WHAT IS BEING ASKED - Wherever a picture appears in the listing below, leave it out and reproduce the rest exactly.

DATA SEGMENT -
╭──
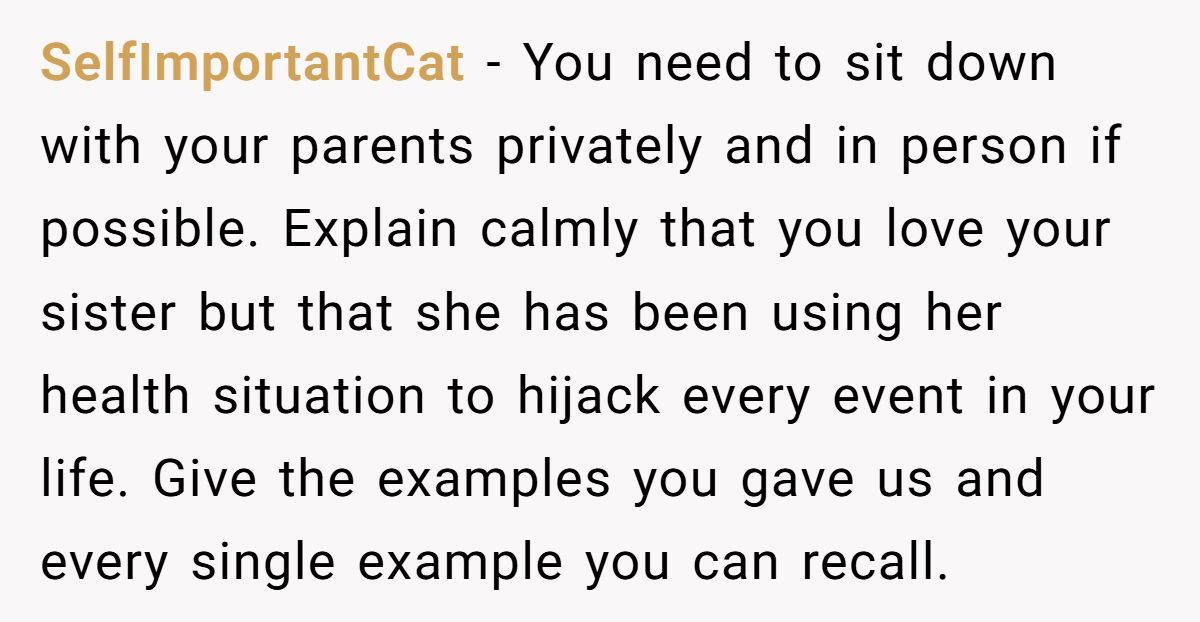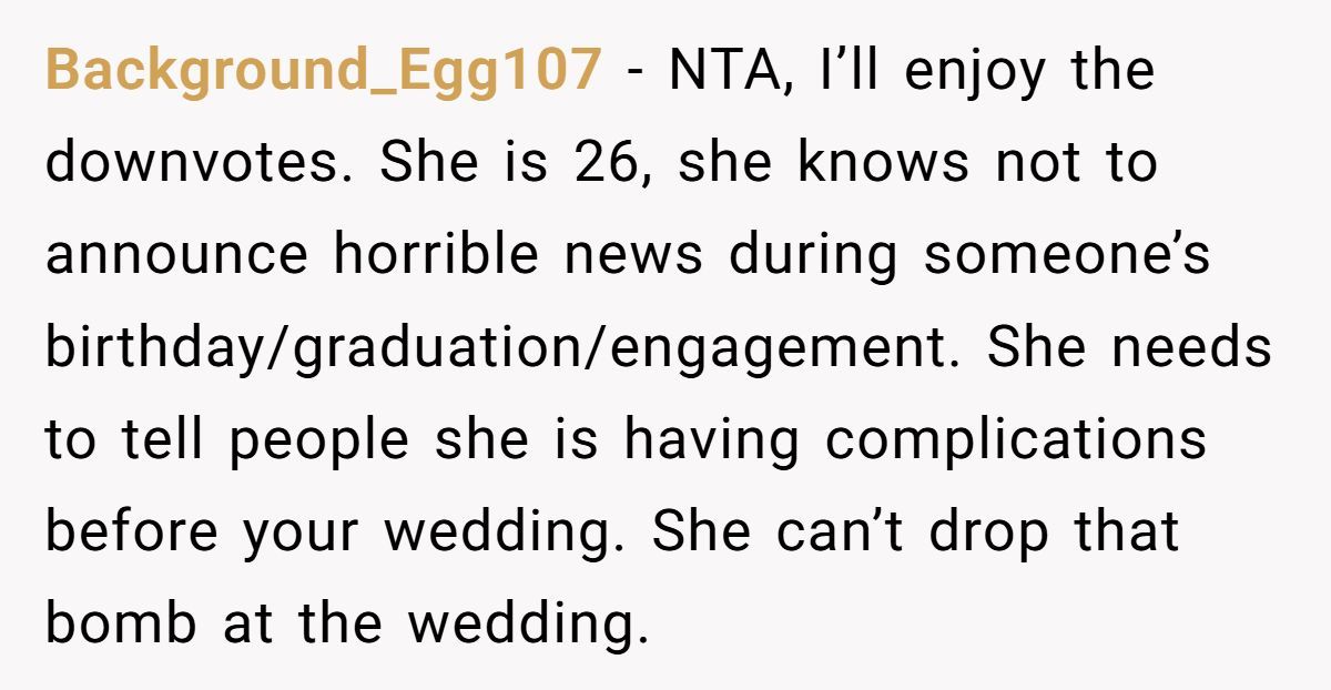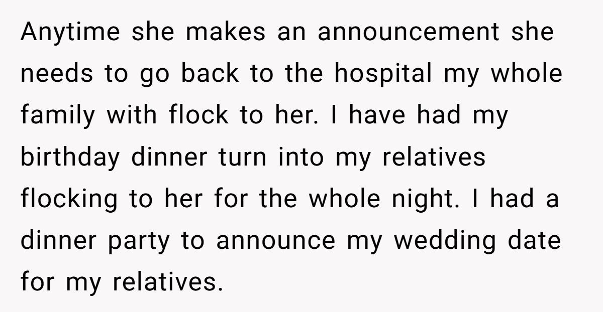 Many agreed the sister was attention-seeking by timing health announcements during others’ big events.
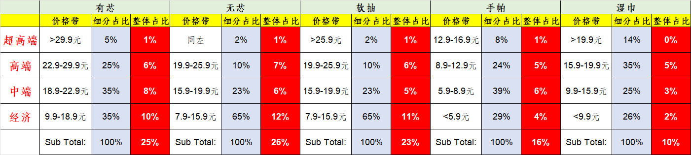 “举一个实际案例!一家头部生活用纸品牌的本地销售办事处要制定重点渠道的选品计划,希望在目标市场的大卖场渠道寻求业绩突破。作为一个市场容量相对有限的县城市场,该县城市场的大卖场渠道其实就是本地的老牌大超市——合家欢。当地销售为合家欢超市做选品计划的功效细分梳理时,他们直接用了合家欢采购常用的五大分类,即有芯、无芯、软抽、手帕和湿巾。同时在做价格带分析时,他们更是将有芯、无芯、软抽、手帕和湿巾的五个分类分别做了多层级价格带的分别设定。请看表4-4。”
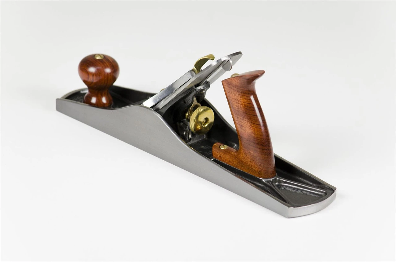 The knob and handle are carefully shaped from Bubinga hardwood sanded to fit your hand perfectly and sealed giving a very tactile and comfortable plane.Â
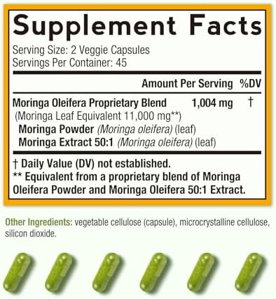 11,000 mg High Strength per Serving: Doctor’s Recipes Moringa supplement contains 800 mg of Moringa Powder and 204 mg of Moringa 50:1 Extract (equivalent to 10,200 mg of fresh moringa oleifera leaves) per serving. It is made from moringa leaves naturally grown, ethically and sustainably sourced from the lush foothills of India. The leaves are freeze dried to preserve their rich nutrition in maximum and we use a clean extraction method to ensure the utmost purity, quality, and potency.
╰──
REPLY -
 Many agreed the sister was attention-seeking by timing health announcements during others’ big events.
 “举一个实际案例!一家头部生活用纸品牌的本地销售办事处要制定重点渠道的选品计划,希望在目标市场的大卖场渠道寻求业绩突破。作为一个市场容量相对有限的县城市场,该县城市场的大卖场渠道其实就是本地的老牌大超市——合家欢。当地销售为合家欢超市做选品计划的功效细分梳理时,他们直接用了合家欢采购常用的五大分类,即有芯、无芯、软抽、手帕和湿巾。同时在做价格带分析时,他们更是将有芯、无芯、软抽、手帕和湿巾的五个分类分别做了多层级价格带的分别设定。请看表4-4。”
 The knob and handle are carefully shaped from Bubinga hardwood sanded to fit your hand perfectly and sealed giving a very tactile and comfortable plane.Â
 11,000 mg High Strength per Serving: Doctor’s Recipes Moringa supplement contains 800 mg of Moringa Powder and 204 mg of Moringa 50:1 Extract (equivalent to 10,200 mg of fresh moringa oleifera leaves) per serving. It is made from moringa leaves naturally grown, ethically and sustainably sourced from the lush foothills of India. The leaves are freeze dried to preserve their rich nutrition in maximum and we use a clean extraction method to ensure the utmost purity, quality, and potency.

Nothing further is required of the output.